*** Records supplied Section Begins ***

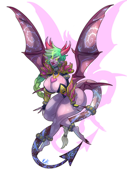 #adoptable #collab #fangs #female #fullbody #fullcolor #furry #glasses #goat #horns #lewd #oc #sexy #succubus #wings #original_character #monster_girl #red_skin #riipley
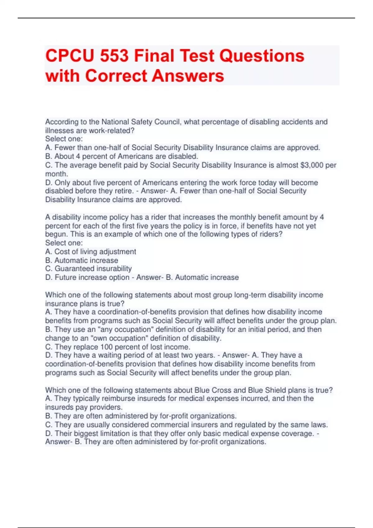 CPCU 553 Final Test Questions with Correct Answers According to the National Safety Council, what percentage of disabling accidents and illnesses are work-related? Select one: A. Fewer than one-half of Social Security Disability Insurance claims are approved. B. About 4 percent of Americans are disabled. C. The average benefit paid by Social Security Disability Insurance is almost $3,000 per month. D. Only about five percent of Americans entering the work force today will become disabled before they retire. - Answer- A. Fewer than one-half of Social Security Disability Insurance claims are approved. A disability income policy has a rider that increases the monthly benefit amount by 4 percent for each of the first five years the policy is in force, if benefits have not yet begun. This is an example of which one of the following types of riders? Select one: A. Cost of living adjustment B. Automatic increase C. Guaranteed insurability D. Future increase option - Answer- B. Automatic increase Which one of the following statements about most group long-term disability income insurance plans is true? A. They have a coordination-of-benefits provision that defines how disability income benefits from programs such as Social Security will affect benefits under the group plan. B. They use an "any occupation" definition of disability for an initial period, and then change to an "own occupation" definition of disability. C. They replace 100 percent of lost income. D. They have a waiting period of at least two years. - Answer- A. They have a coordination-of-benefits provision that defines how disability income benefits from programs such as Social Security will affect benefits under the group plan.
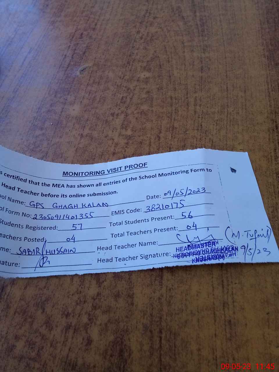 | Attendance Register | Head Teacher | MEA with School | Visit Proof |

*** Records supplied Section Ends ***
*** Records supplied Section Begins ***

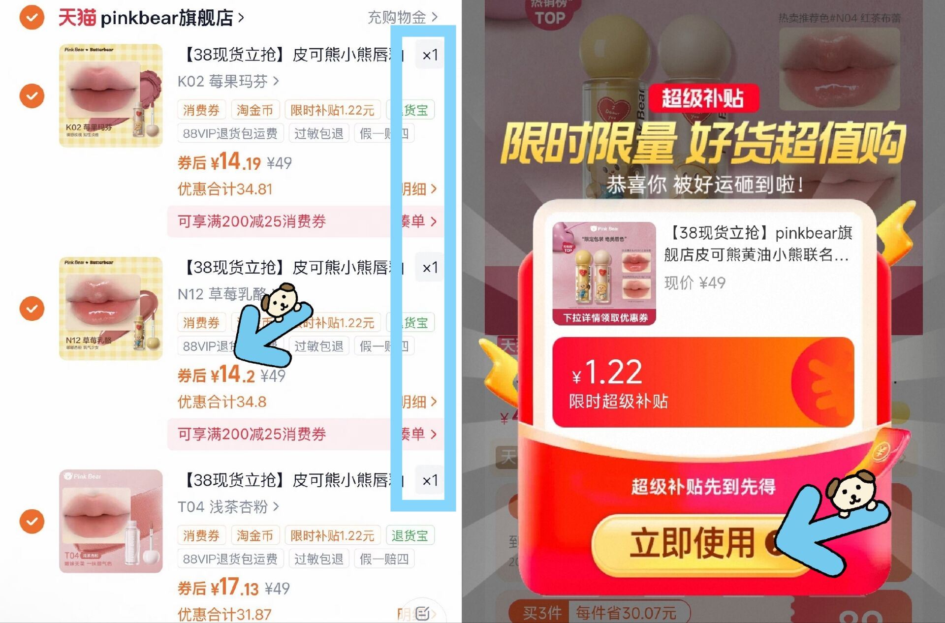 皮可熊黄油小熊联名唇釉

*** Records supplied Section Ends ***
*** Records supplied Section Begins ***

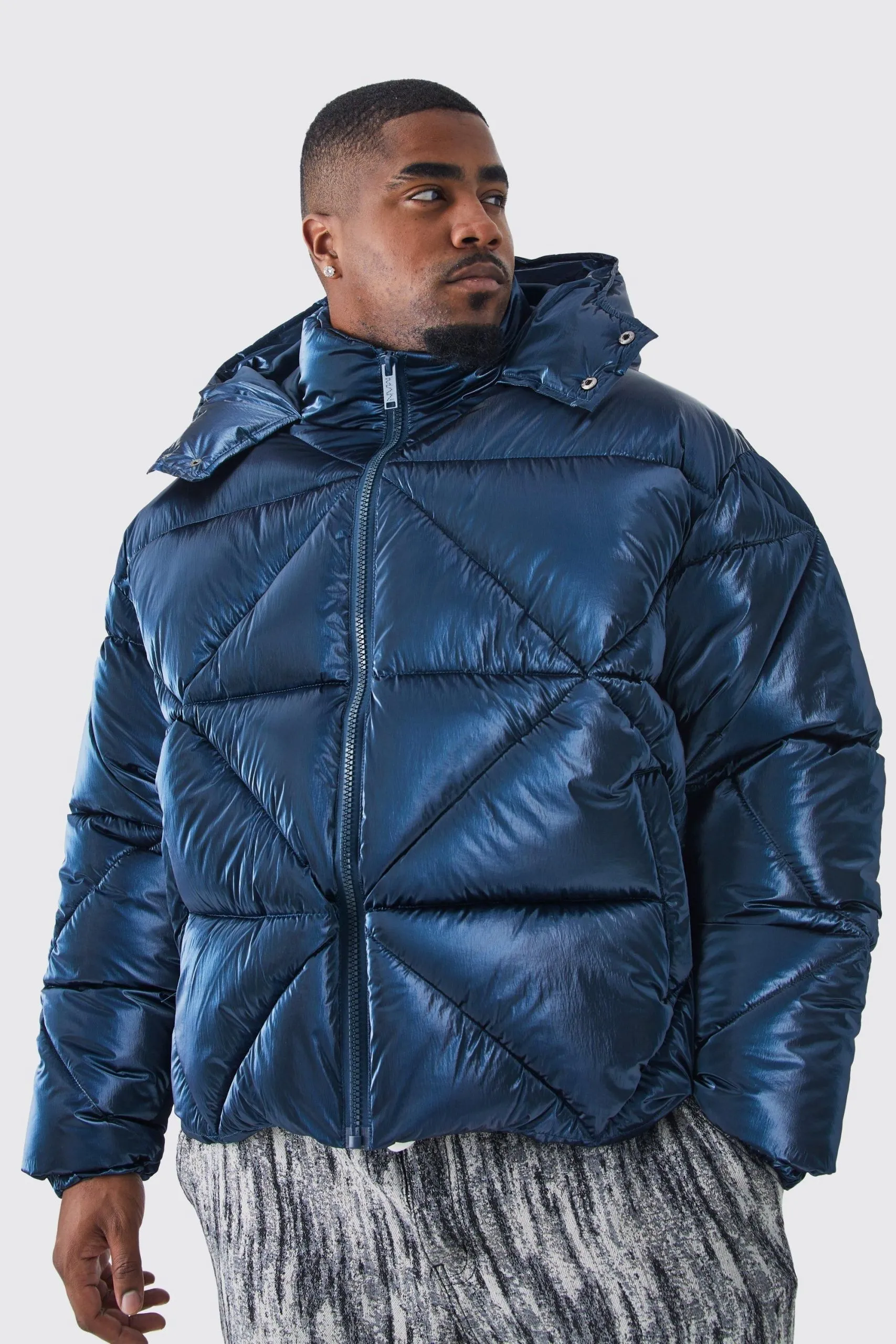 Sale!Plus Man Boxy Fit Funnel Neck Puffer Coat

*** Records supplied Section Ends ***

__Work task__
Return only the stretch above from the line containing "#adoptable #collab #fangs" through the line containing "Visit Proof |", word for word and without pictures.

__Response__
 #adoptable #collab #fangs #female #fullbody #fullcolor #furry #glasses #goat #horns #lewd #oc #sexy #succubus #wings #original_character #monster_girl #red_skin #riipley
 CPCU 553 Final Test Questions with Correct Answers According to the National Safety Council, what percentage of disabling accidents and illnesses are work-related? Select one: A. Fewer than one-half of Social Security Disability Insurance claims are approved. B. About 4 percent of Americans are disabled. C. The average benefit paid by Social Security Disability Insurance is almost $3,000 per month. D. Only about five percent of Americans entering the work force today will become disabled before they retire. - Answer- A. Fewer than one-half of Social Security Disability Insurance claims are approved. A disability income policy has a rider that increases the monthly benefit amount by 4 percent for each of the first five years the policy is in force, if benefits have not yet begun. This is an example of which one of the following types of riders? Select one: A. Cost of living adjustment B. Automatic increase C. Guaranteed insurability D. Future increase option - Answer- B. Automatic increase Which one of the following statements about most group long-term disability income insurance plans is true? A. They have a coordination-of-benefits provision that defines how disability income benefits from programs such as Social Security will affect benefits under the group plan. B. They use an "any occupation" definition of disability for an initial period, and then change to an "own occupation" definition of disability. C. They replace 100 percent of lost income. D. They have a waiting period of at least two years. - Answer- A. They have a coordination-of-benefits provision that defines how disability income benefits from programs such as Social Security will affect benefits under the group plan.
 | Attendance Register | Head Teacher | MEA with School | Visit Proof |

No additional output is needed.